Khanna reached his peak in the late-1970s. In 1976, he reunited with Prakash Mehra for another masala film Hera Pheri co-starring Amitabh Bachchan, Saira Banu and Sulakshana Pandit. The film went on to become a blockbuster and earned him a nomination in the Filmfare Award for Best Supporting Actor category. He then delivered two more major successes with Chand's and Raj Khosla's actioners, Shankar Shambhu and Nehle Pe Dehla, respectively. 1977 proved to be the best year of his career with many successful films. His first release was the action crime film Khoon Pasina alongside Bachchan and Rekha, which proved to be a superhit. His second release was Manmohan Desai's multi-starrer masala film Amar Akbar Anthony. It opened to thunderous response from the audience, eventually doing more business than Khanna's last big hit Khoon Pasina and emerging a massive blockbuster as well as the highest grossing film of that year. Its soundtrack composed by Laxmikant–Pyarelal dominated the musical charts and was the seventh best-selling Hindi film album of the 1970s. He then appeared in Aap Ki Khatir, Shaque and Hatyara. While the first two were moderately successful, Hatyara was a superhit at the box office. For his portrayal of a man accused of multiple homicides in Shaque, Khanna received his first nomination in the Filmfare Award for Best Actor category. He once again reunited with Bachchan and Manmohan Desai for the crime drama film Parvarish. This one too like their previous ventures was a blockbuster and one of the highest earners of 1977. Before the end of year, he had another superhit with Raj N. Sippy's crime thriller Inkaar, which was a remake of Japanese film High and Low, followed by three more successful films, Maha Badmaash, Chor Sipahee and Adha Din Adhi Raat. Khanna's dream continued in 1978 with back-to-back mega blockbusters in Raj Khosla's women-oriented drama Main Tulsi Tere Aangan Ki and Prakash Mehra's magnum opus, the action crime drama Muqaddar Ka Sikandar. The music of Muqaddar Ka Sikandar was a chartbuster and the sixth best-selling Hindi film album of the 1970s. The huge box office success of these two films was followed by Khoon Ki Pukaar, Khoon Ka Badla Khoon and Sarkari Mehmaan, all three of which were semi-hits. He concluded the year with Sunil Dutt's actioner Daaku Aur Jawan co-starring Dutt, Reena Roy and Leena Chandavarkar. It did very well at the box office and proved to be a superhit.

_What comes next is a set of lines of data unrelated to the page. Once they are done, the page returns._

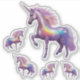 Un impresionante unicornio plateado se sostiene orgullosamente con brillantes luces de arco iris en todo su cuerpo. Este poderoso diseño combina fuerza, magia y majestuosidad. El conjunto de cinco pegatinas incluye un unicornio grande y dos pares de unicornios más pequeños. Ideal para quien ama el arte de fantasía con un toque dramático. Perfecto para adultos y adolescentes a los que les gusta la energía mágica y brillante.
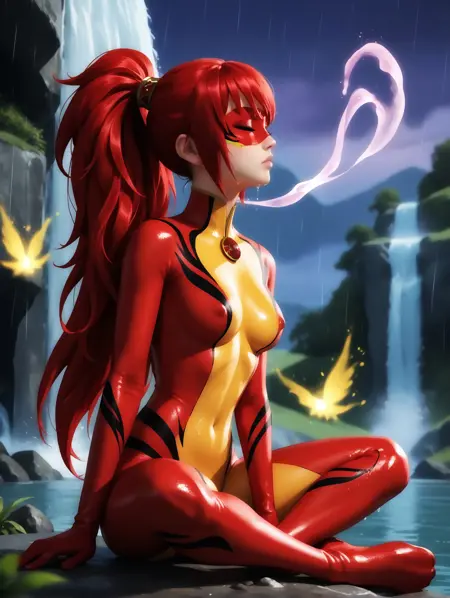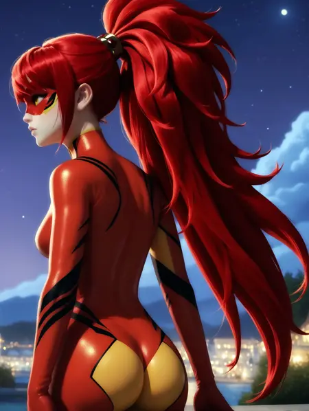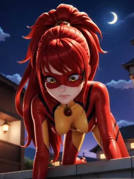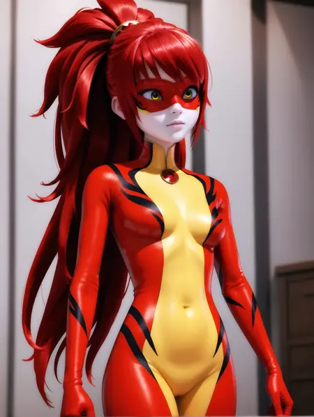 プロンプト:1girl, bodysuit, red hair, long hair, ponytail, mask, domino mask, yellow eyes, green eyes, bangs, multicolored bodysuit, red bodysuit, yellow bodysuit
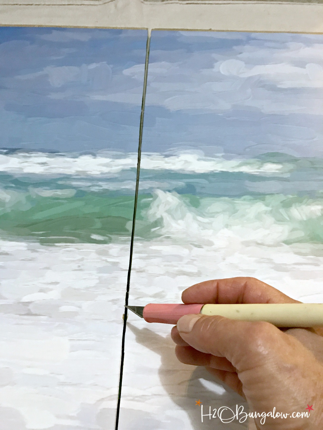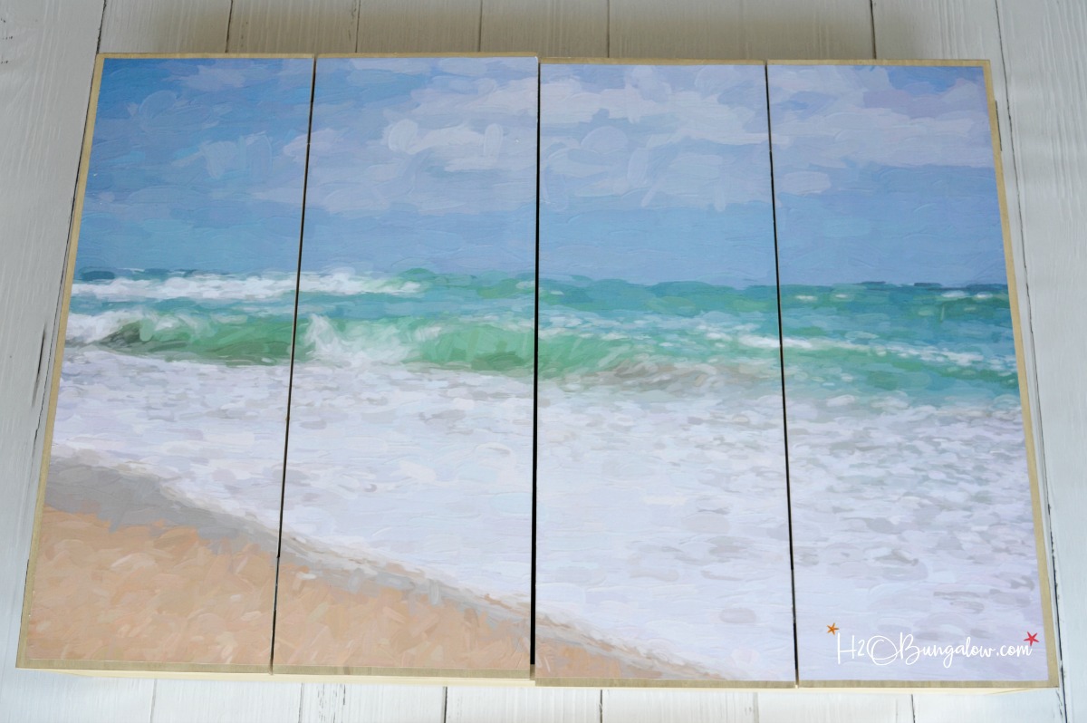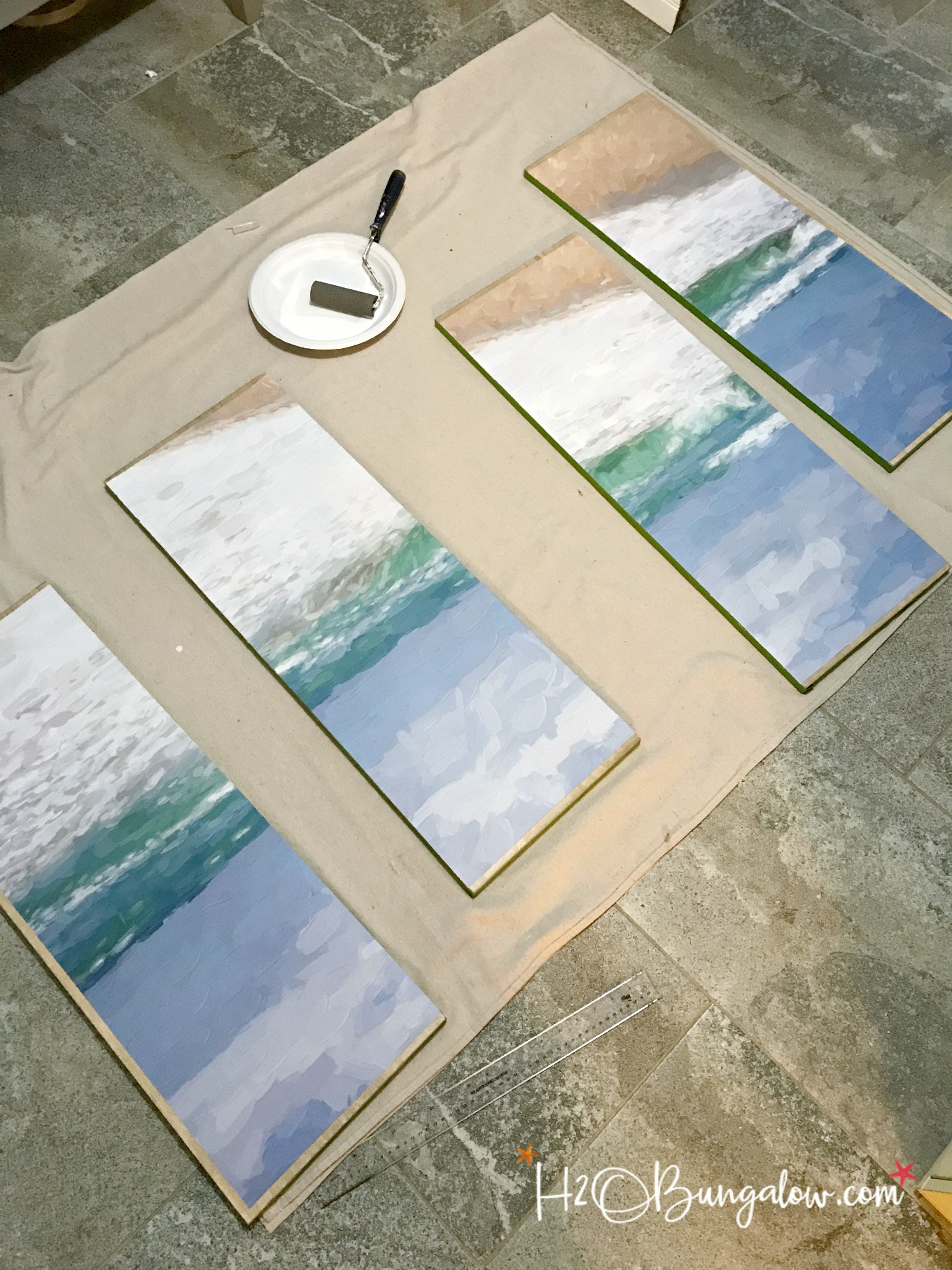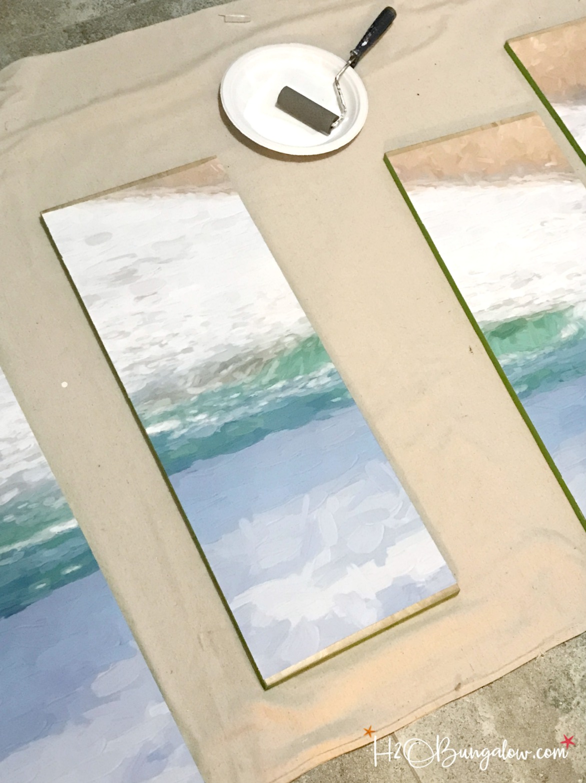 Apply several coats of Decoupage to the engineer print panels, letting each coat dry in between. You can texturize the surface just like I did in my DIY Faux Canvas project. You may see air bubbles pop up on this step, hopefully not, but let them be if you do. They will shrink down and not be very visible when dry. We had some and when the print dried I couldn’t see them at all. Of course when it was wet, I was panicked about my beautiful seascape print not looking good. It turned out fine though.

In 1979, he delivered a moderate success with Mahesh Bhatt's fourth directional venture Lahu Ke Do Rang, but his other releases, such as Meera and Yuvraaj failed to do well. The following year, he appeared in two big-budget actioners, Ravi Chopra's The Burning Train co-starring Dharmendra, Jeetendra, Hema Malini and Parveen Babi in the lead and Feroz Khan's Qurbani alongside Khan and Zeenat Aman. The former opened to bumper response, but collections fell afterwards and was given an average verdict by the end of its run; however, it gained cult status in later years. Khanna's other big venture Qurbani also opened to massive response and emerged a blockbuster as well as the highest grosser of the year with Khanna receiving praise for his performance along with his second and final nomination in the Filmfare Award for Best Actor category. Its soundtrack composed by Kalyanji–Anandji and Biddu was popular, with its songs like "Aap Jaisa Koi", "Laila O Laila" and "Hum Tumhe Chahte Hain" topping the musical charts and making it the sixth best-selling Hindi film album of the 1980s. In 1981, he again collaborated with Rajesh Khanna and Hema Malini for Chetan Anand's reincarnation drama Kudrat. In spite of presence of some of the biggest stars of that time and its soundtrack being one of the best-selling Hindi film albums of the 1980s, Kudrat was rejected at ticket counters and proved to be a flop. Khanna's other releases that year, such as Jail Yatra, Khuda Kasam and Ek Aur Ek Gyarah met the same fate. This changed in 1982 as he had a string of successful films with Rajput, Insaan and Taaqat. The year also marked Khanna's hiatus from the film industry as he took a spiritual break and moved to Rajneeshpuram in the United States, eventually staying there for five years.

=== Comeback and further works (1987–2015) ===

After a five year hiatus, Khanna returned to films with Mukul Anand's successful actioner Insaaf which also had Dimple Kapadia in the lead. The following year, however all of his films, including biggies Dayavan and Aakhri Adaalat failed to leave a mark. In 1989, his first release was Esmayeel Shroff's action film Suryaa: An Awakening, which performed well commercially and proved to be a hit venture. Khanna then appeared in Yash Chopra's romantic musical Chandni co-starring Sridevi and Rishi Kapoor. The film opened to excellent audience response and emerged a blockbuster at the box office. Its soundtrack composed by Shiv–Hari was one of the best-selling Hindi film albums of the 1980s. Chandni won National Film Award for Best Popular Film Providing Wholesome Entertainment and Khanna received his final nomination in the Filmfare Award for Best Supporting Actor category.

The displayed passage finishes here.